# To do
The task calls for the line containing "当有使用GameObject" and all later lines, through the end of the entries below, to be set down exactly and without pictures.

*** Records to use ***

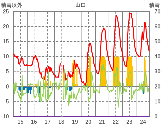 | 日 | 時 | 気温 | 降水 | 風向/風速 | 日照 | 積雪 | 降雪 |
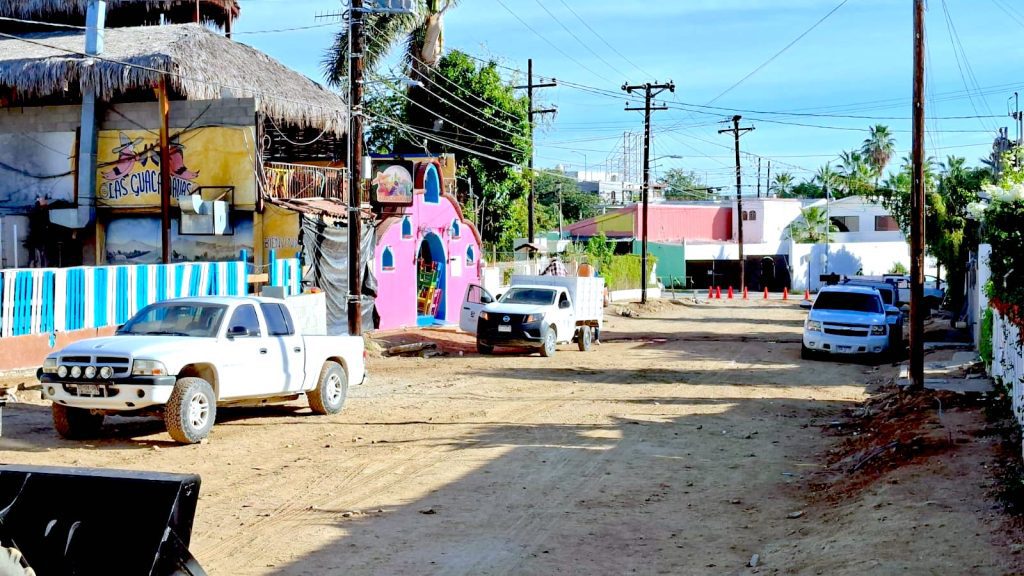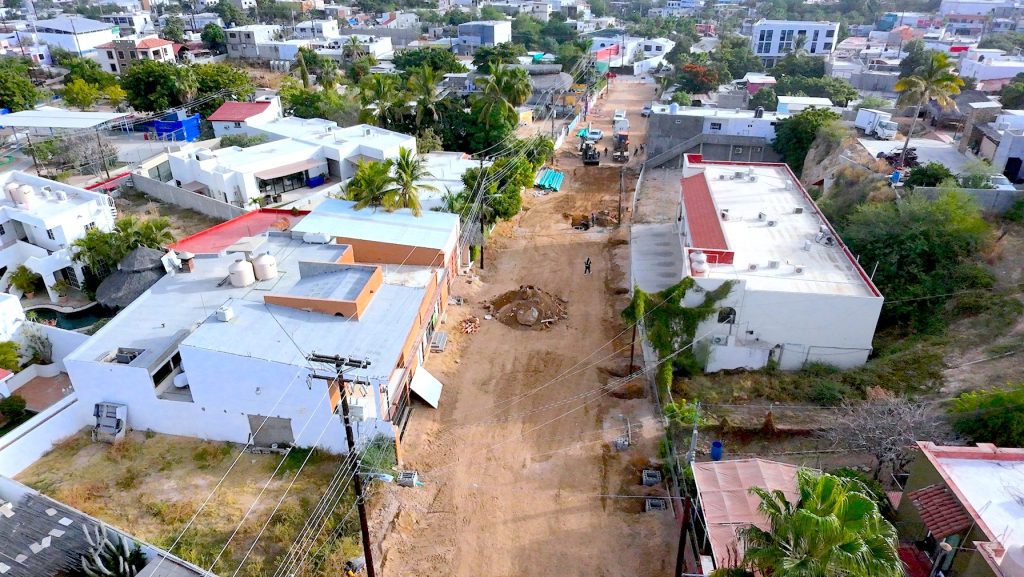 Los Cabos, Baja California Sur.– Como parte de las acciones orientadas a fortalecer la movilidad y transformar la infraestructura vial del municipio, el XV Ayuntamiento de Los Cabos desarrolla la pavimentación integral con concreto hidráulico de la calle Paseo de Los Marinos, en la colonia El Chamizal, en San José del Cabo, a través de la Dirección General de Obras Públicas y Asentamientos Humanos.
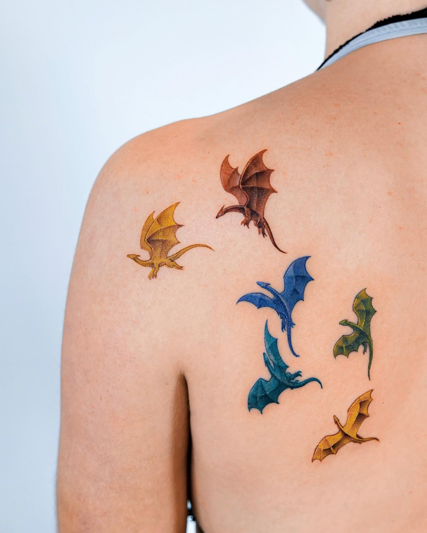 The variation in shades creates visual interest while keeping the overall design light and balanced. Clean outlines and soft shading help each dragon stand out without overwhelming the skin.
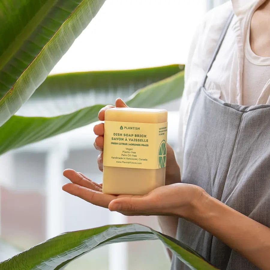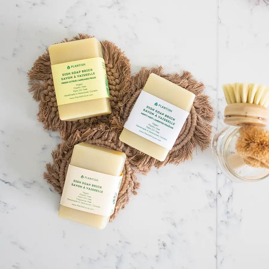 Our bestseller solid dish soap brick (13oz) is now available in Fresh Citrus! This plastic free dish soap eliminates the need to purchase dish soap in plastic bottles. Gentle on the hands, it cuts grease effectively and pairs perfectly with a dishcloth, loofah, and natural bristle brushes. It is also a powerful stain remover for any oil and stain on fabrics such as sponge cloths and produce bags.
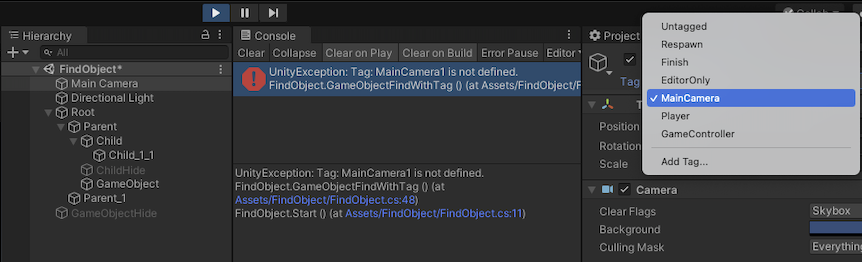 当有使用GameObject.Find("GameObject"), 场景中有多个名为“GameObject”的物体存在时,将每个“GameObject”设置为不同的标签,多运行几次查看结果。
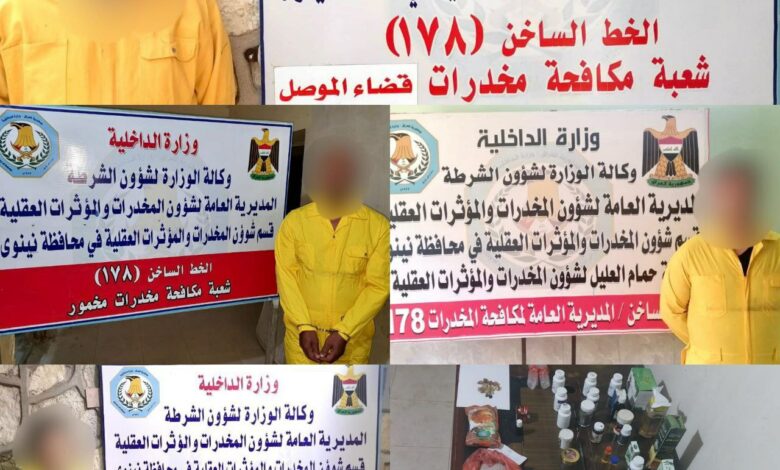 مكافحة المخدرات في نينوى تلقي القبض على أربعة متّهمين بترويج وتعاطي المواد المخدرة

***

# Answer space
 当有使用GameObject.Find("GameObject"), 场景中有多个名为“GameObject”的物体存在时,将每个“GameObject”设置为不同的标签,多运行几次查看结果。
 مكافحة المخدرات في نينوى تلقي القبض على أربعة متّهمين بترويج وتعاطي المواد المخدرة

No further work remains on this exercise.